Supervisor, Cyber Operations

Georgia System Operations Corporation (GSOC) is a non-profit cooperative that operates state-wide facilities to generate and transmit power through the Georgia power grid, providing reliable power to more than 4 million Georgians. The Supervisor, Cyber Operations, will play a key role in GSOC's Security Operations department, including a focus on meeting NERC Critical Infrastructure Protection (CIP) requirements to ensure cyber security of the programmable electronic devices and networks digital within our Operational Technology (OT) network. As a leader of cyber security analysts, you will develop programs, processes, and people to ensure compliance with NERC CIP standards as well as to implement other cyber security solutions to protect the critical infrastructure for the electric grid in Georgia.

Responsibilities:

- Manage OT security event monitoring alert response, initial triage, and escalation

- Manage OT access provisioning and revocation of accounts and roles required for CIP systems, data, and applications

- Manage OT vulnerability management and threat intelligence programs

- Manage OT asset management program for Bulk Electric System Cyber Systems and Assets

- Evaluate emerging technologies and assess their applicability to various cyber programs

- Collaborate with cross-functional teams, including operations and maintenance, engineering, audit, and IT, to ensure compliance with NERC CIP standards and other cyber programs

- Provide technical guidance and mentorship to Security Operations analysts and PSOC/NOC (Physical Security Operations Center/Network Operations Center) operators

Job Duties:

- Supervision and performance management of staff, support of the processes and technology necessary for team effectiveness, and coordination of activities with other teams and departments within the FOC.

- Lead efforts to develop cyber programs, processes and activities that meet strategic business and security objectives and enable uninterrupted business and operations activities.

- Provide work direction and technical assistance to analysts in the Security Operations department.
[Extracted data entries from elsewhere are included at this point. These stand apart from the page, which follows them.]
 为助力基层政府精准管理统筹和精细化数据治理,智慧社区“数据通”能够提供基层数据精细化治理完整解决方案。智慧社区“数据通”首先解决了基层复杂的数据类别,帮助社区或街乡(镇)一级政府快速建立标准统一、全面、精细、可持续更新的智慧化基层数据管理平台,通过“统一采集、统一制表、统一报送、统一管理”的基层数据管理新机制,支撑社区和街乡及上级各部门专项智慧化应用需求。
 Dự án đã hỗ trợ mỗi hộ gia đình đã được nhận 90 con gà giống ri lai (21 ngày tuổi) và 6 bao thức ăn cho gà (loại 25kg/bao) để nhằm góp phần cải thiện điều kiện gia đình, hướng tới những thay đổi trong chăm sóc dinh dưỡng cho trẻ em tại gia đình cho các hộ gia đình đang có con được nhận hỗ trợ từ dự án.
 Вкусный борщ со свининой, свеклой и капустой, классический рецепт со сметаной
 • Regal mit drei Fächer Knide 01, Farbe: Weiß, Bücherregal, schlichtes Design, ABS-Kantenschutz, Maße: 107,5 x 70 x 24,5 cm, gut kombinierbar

Take a hands-on role in mentoring, coaching, and developing other team members.

- Develop, review, and implement programs and processes to ensure compliance with NERC Critical Infrastructure Protection (CIP) standards.
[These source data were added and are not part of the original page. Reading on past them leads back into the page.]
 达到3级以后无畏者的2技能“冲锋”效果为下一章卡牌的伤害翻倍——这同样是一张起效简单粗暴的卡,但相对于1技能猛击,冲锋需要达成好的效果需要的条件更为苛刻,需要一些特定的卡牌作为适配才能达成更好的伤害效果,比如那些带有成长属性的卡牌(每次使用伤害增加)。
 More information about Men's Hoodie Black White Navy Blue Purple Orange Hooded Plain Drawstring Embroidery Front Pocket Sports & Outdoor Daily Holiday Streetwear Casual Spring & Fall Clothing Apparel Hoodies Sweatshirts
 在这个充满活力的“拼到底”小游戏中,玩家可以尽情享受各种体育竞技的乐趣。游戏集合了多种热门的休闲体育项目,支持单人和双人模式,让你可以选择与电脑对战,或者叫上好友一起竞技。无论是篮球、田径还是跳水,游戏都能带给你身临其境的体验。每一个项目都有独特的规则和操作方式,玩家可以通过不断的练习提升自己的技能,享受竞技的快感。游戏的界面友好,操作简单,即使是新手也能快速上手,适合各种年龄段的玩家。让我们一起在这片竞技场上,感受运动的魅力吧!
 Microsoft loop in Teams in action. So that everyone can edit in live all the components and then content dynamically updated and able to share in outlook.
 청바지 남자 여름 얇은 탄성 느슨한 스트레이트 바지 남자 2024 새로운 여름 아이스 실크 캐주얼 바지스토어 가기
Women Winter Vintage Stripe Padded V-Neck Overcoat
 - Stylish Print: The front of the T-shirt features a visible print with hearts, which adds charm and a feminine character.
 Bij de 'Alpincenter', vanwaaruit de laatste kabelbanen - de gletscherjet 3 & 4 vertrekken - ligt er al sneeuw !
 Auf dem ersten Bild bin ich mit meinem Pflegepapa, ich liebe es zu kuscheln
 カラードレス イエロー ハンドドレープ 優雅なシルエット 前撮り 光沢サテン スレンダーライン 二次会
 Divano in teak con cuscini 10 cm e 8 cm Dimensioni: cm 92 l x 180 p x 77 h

- Support development of programs and processes based on projects and collaboration with other GSOC departments.

- Maintain up-to-date knowledge of industry and security trends. Inform Manager, Security Operations on strategic technology and security planning.
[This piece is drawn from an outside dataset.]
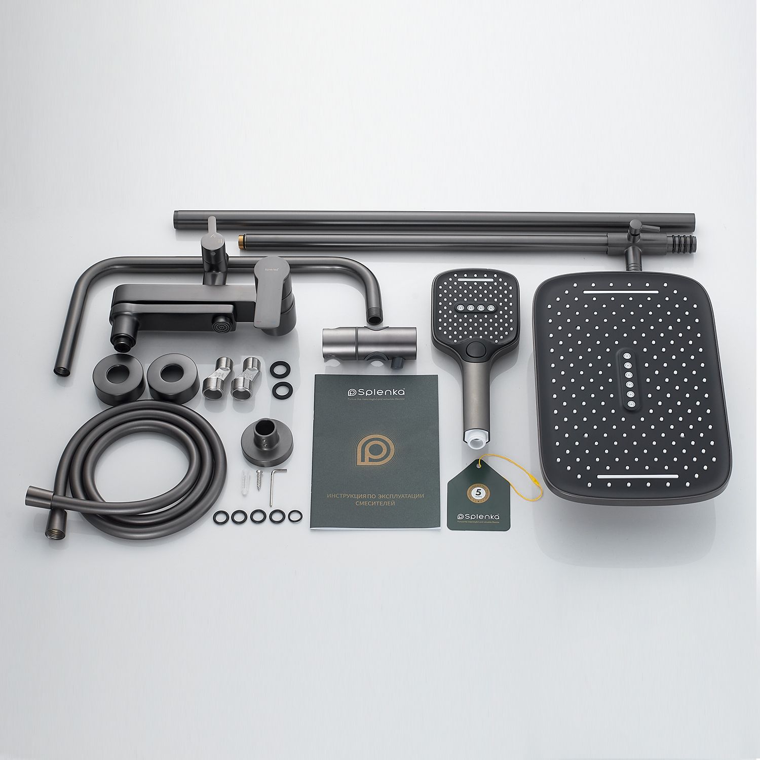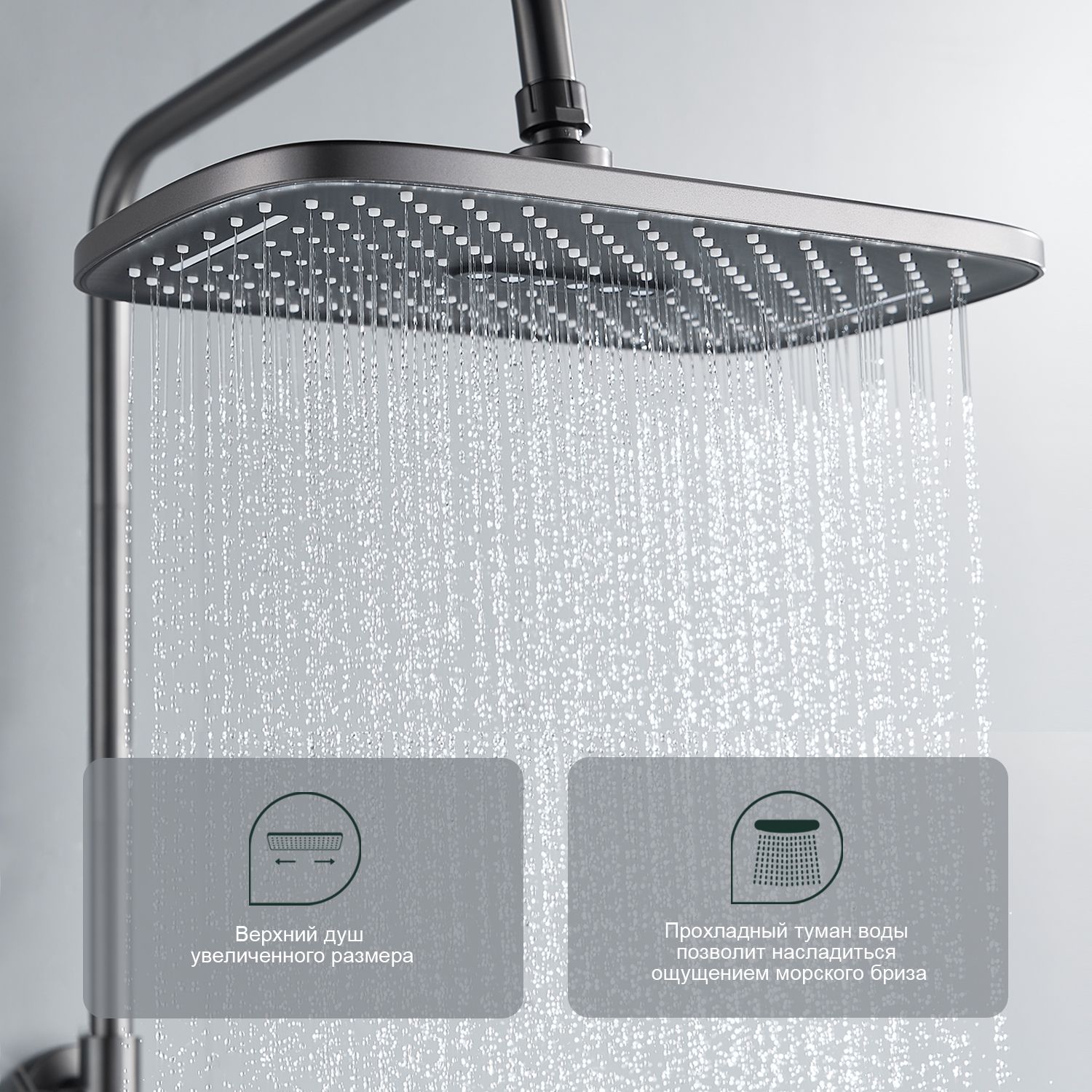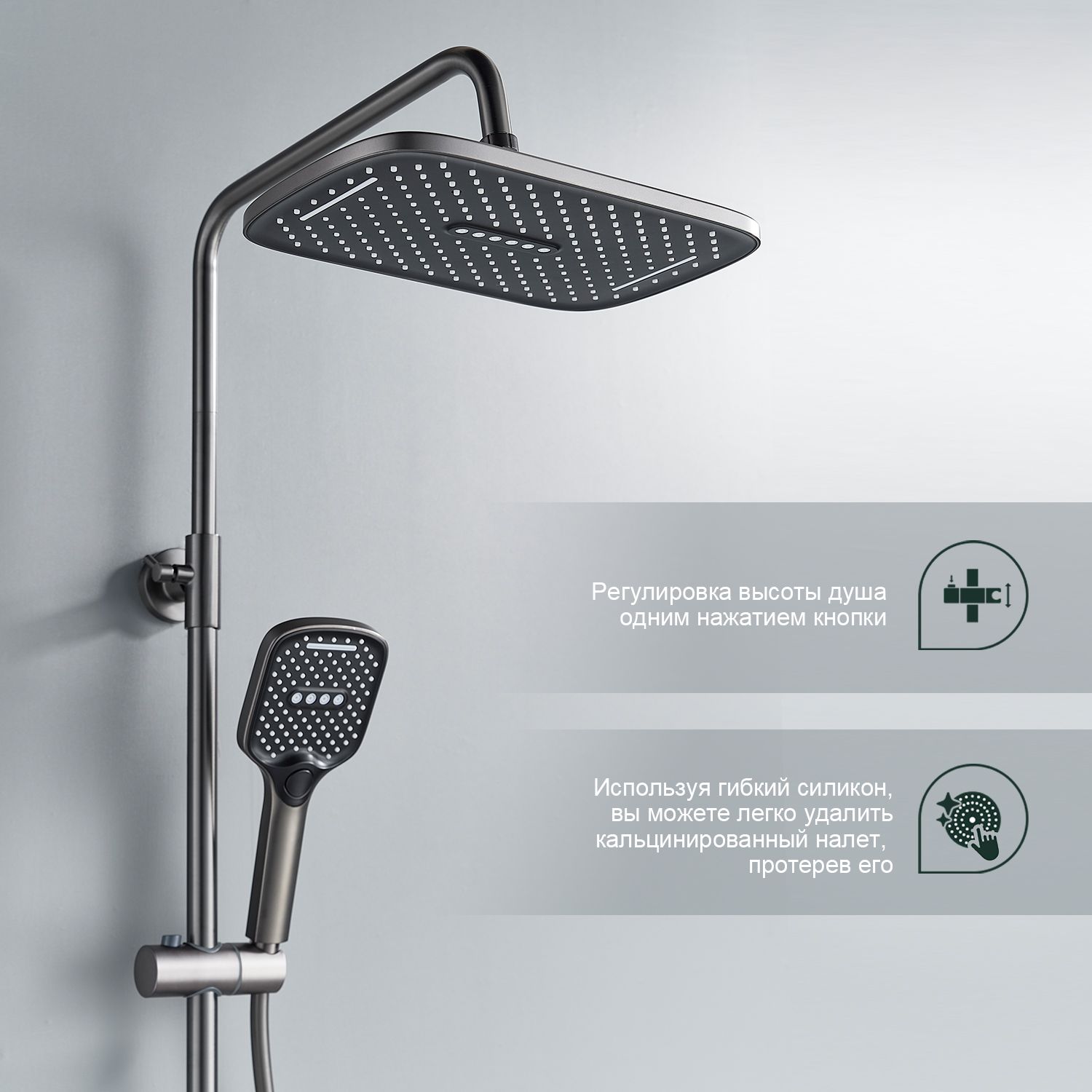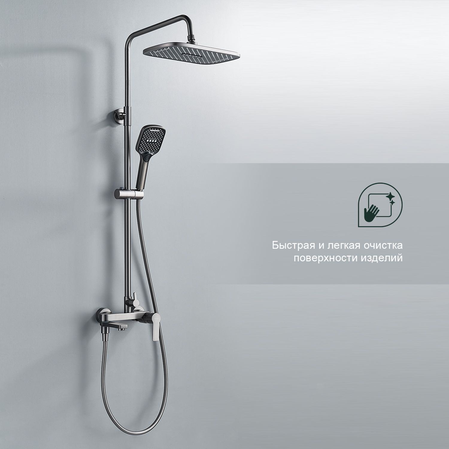 Верхний душ, душевая штанга с держателем лейки, ручной душ, смеситель, шланг |

- Provide input to management on associates' performance. Provide input to management on annual budget issues and monitors expenditures to comply with the approved budget.

Required Qualifications:

Education: Bachelor's degree in Cyber Security, Computer Science or Engineering, Information Technology, or a related field

Experience:

- Requires 10 or more years of experience with increasing responsibilities. Experience may include physical security, cyber security, network engineering, information technology, SCADA/EMS infrastructure support, managing budgets, or staff supervision. At least 3 years of experience must be in a cyber security role. Must also have experience with technical writing.

- Experience leading, motivating, and developing a team of IT/OT professionals, preferably in a SOC environment.

- Experience in asset and change management principles and practices.

- Strong technical knowledge and experience with cyber security platform, applications, tools, and industry best practices

- Excellent written and verbal communication skills, including the ability to clearly explain technical issues to both technical and non-technical stakeholders

- Experience working in regulated environments such as NERC CIP or others is highly desired

Equivalent Experience: Associates Degree in Engineering, Engineering Technology, or Business, with at least 12 years of experience, with increasing responsibility, in electronic maintenance, cyber security, and/or information technology as described above. At least 5 years' experience must be in a cyber security role.

Licenses, Certifications, and/or Registrations: Certifications in Cyber Security or Information Systems are a plus.

Specialized Skills: Requires strong technical skills and understanding of various security events across multiple operating system and appliance platforms. Ability to learn and adapt quickly to changes in technologies, processes, and compliance standards. Strong customer service attitude. Strong analytical skills. Ability to document resolutions to customer issues and security alerts. Resolve issues amongst a diverse group of stakeholders. Must be able to pass a NERC CIP personnel risk assessment screening.

Unusual Hours: Occasional evening and weekend work may be required, to support operations and security event response. Supports customers, incident response processes, and systems after hours, as needed.